### [COLLECTED MATERIAL]
========

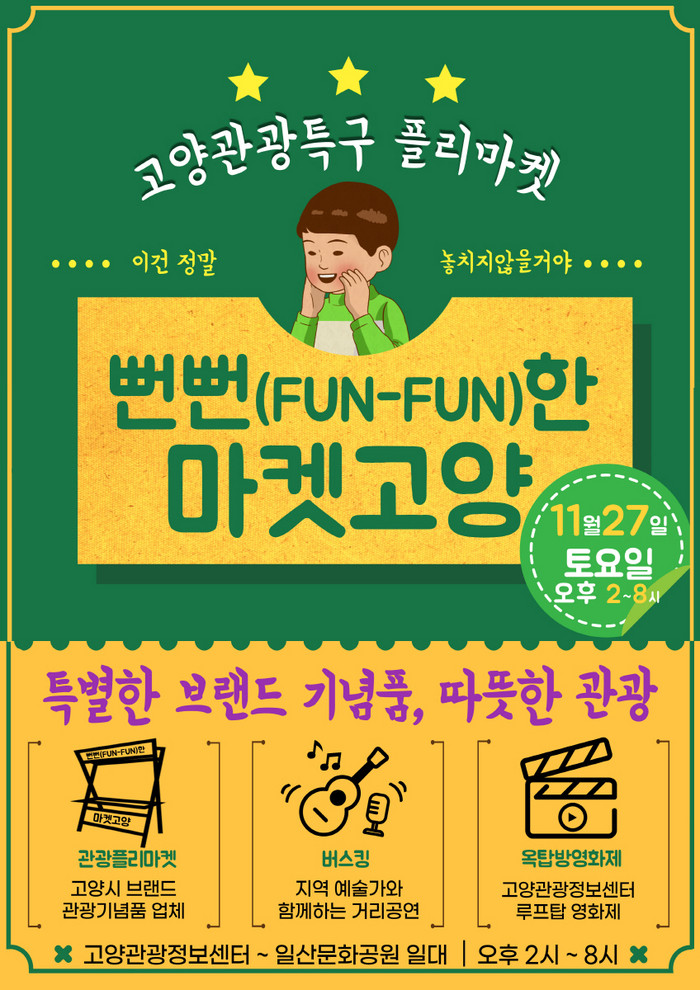 [부자동네타임즈 김인수기자] 고양시가 27일 관광정보센터 뒤뜰에서 관광 플리마켓인 ‘펀펀(Fun-Fun)한 마켓’을 개최한다.
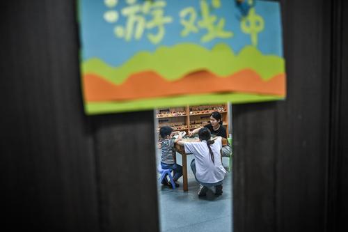 ▲5月26日,重慶師范大學(xué)兒童智能發(fā)展研究中心,大學(xué)生指導(dǎo)孩子們做游戲。記者 劉力 攝/視覺(jué)重慶
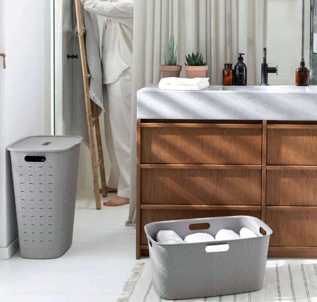 Kosz na pranie Softex o pojemności 56 litrów doda luksusowego, a jednocześnie przyjaznego charakteru każdemu pomieszczeniu. Ten kosz jest nie tylko wygodny w noszeniu, ale także ekologiczny, ponieważ jest wykonany w 70% z materiałów pochodzących z recykli
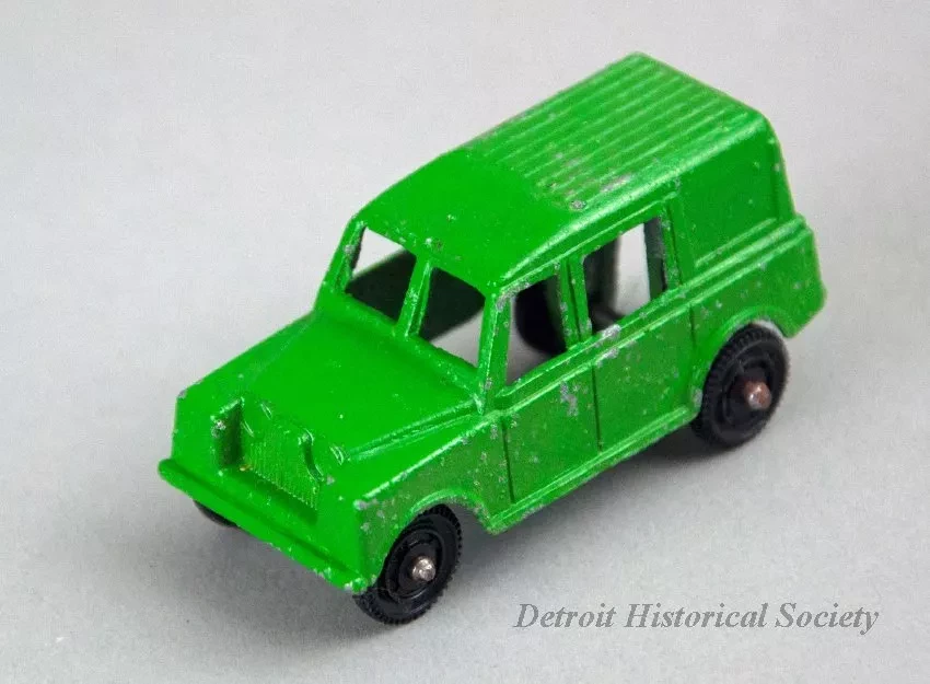 Request ImageToy Land Rover made of cast metal. Painted green. Marked: Tootsietoy - USA, 2-land rover.

========

### [WORK REQUEST]
Please return the lines above exactly, with the pictures omitted.

### [COMPLETED EXERCISE]
 [부자동네타임즈 김인수기자] 고양시가 27일 관광정보센터 뒤뜰에서 관광 플리마켓인 ‘펀펀(Fun-Fun)한 마켓’을 개최한다.
 ▲5月26日,重慶師范大學(xué)兒童智能發(fā)展研究中心,大學(xué)生指導(dǎo)孩子們做游戲。記者 劉力 攝/視覺(jué)重慶
 Kosz na pranie Softex o pojemności 56 litrów doda luksusowego, a jednocześnie przyjaznego charakteru każdemu pomieszczeniu. Ten kosz jest nie tylko wygodny w noszeniu, ale także ekologiczny, ponieważ jest wykonany w 70% z materiałów pochodzących z recykli
 Request ImageToy Land Rover made of cast metal. Painted green. Marked: Tootsietoy - USA, 2-land rover.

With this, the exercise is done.